• What the task asks: Repeat every line of the data exactly; the pictures stay out.

• The data:
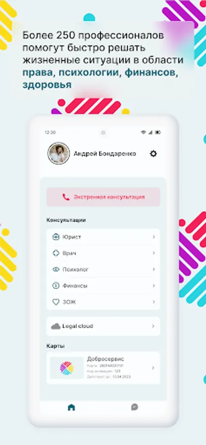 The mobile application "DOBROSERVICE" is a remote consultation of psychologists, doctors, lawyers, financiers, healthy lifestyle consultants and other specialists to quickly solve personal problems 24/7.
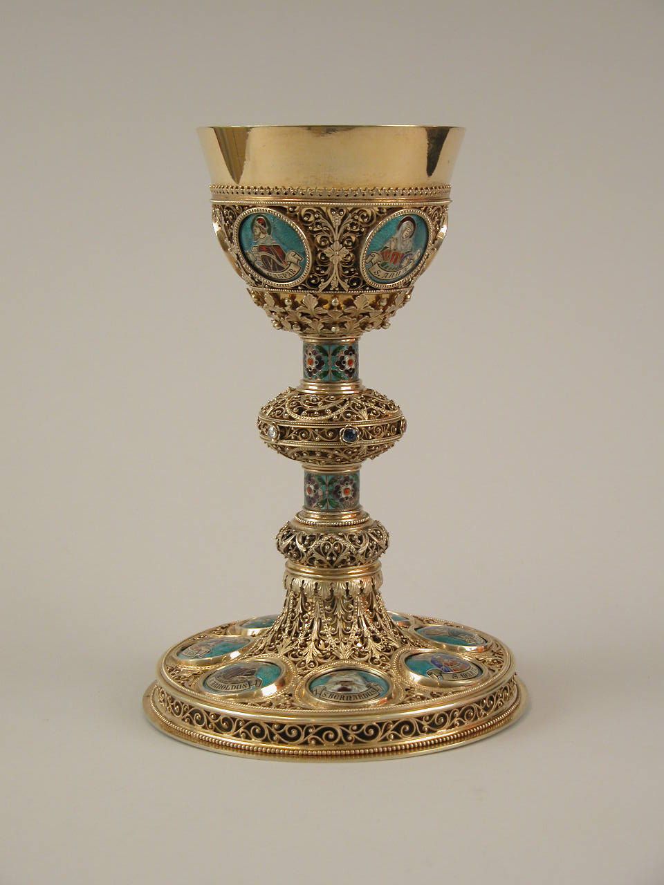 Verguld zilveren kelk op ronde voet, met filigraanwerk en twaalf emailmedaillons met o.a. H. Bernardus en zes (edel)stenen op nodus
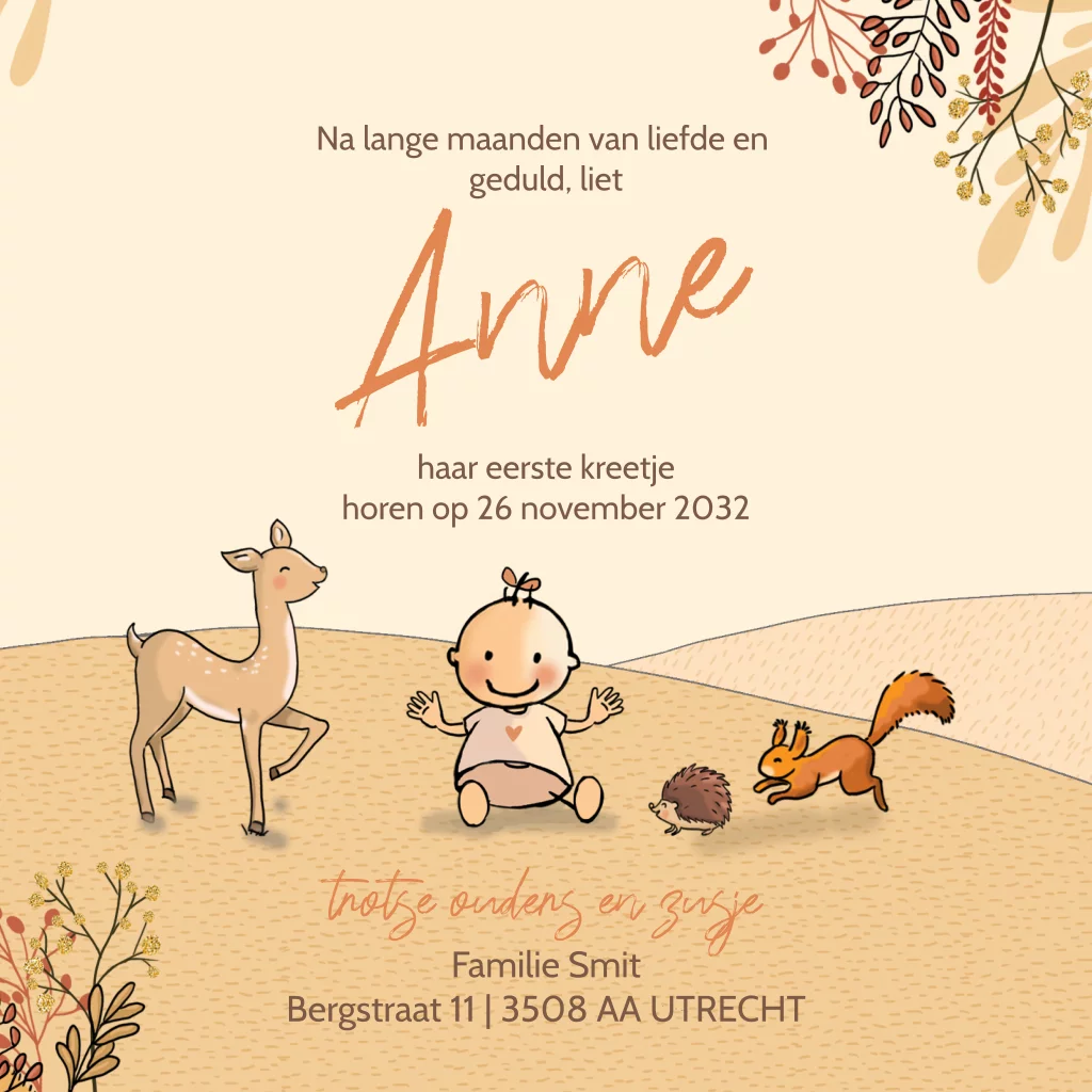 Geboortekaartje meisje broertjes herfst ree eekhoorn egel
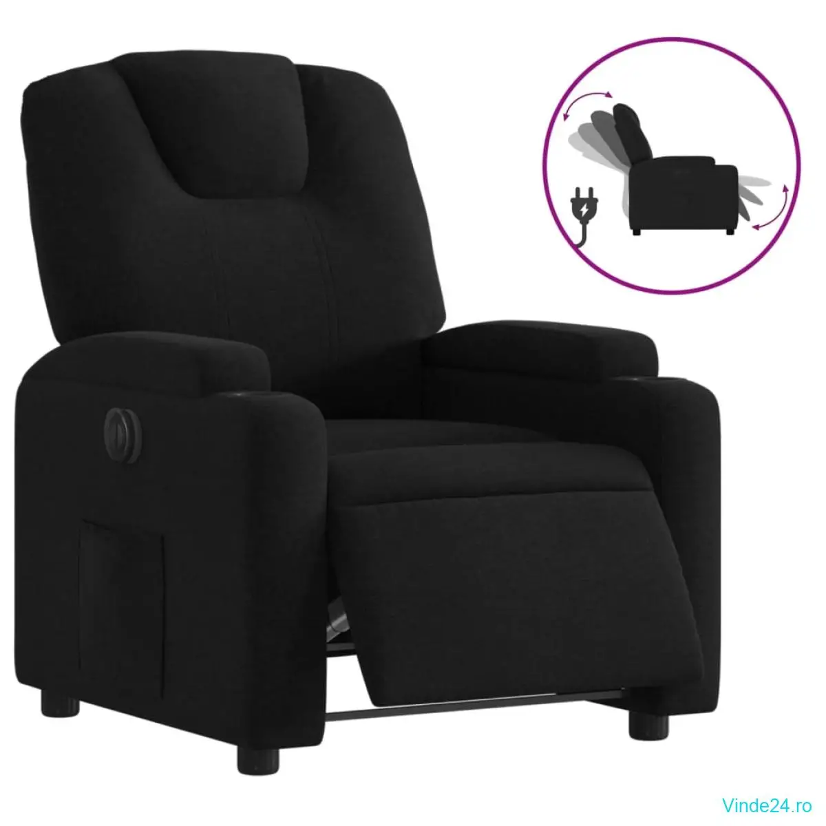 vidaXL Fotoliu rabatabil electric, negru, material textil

• Response box:
 The mobile application "DOBROSERVICE" is a remote consultation of psychologists, doctors, lawyers, financiers, healthy lifestyle consultants and other specialists to quickly solve personal problems 24/7.
 Verguld zilveren kelk op ronde voet, met filigraanwerk en twaalf emailmedaillons met o.a. H. Bernardus en zes (edel)stenen op nodus
 Geboortekaartje meisje broertjes herfst ree eekhoorn egel
 vidaXL Fotoliu rabatabil electric, negru, material textil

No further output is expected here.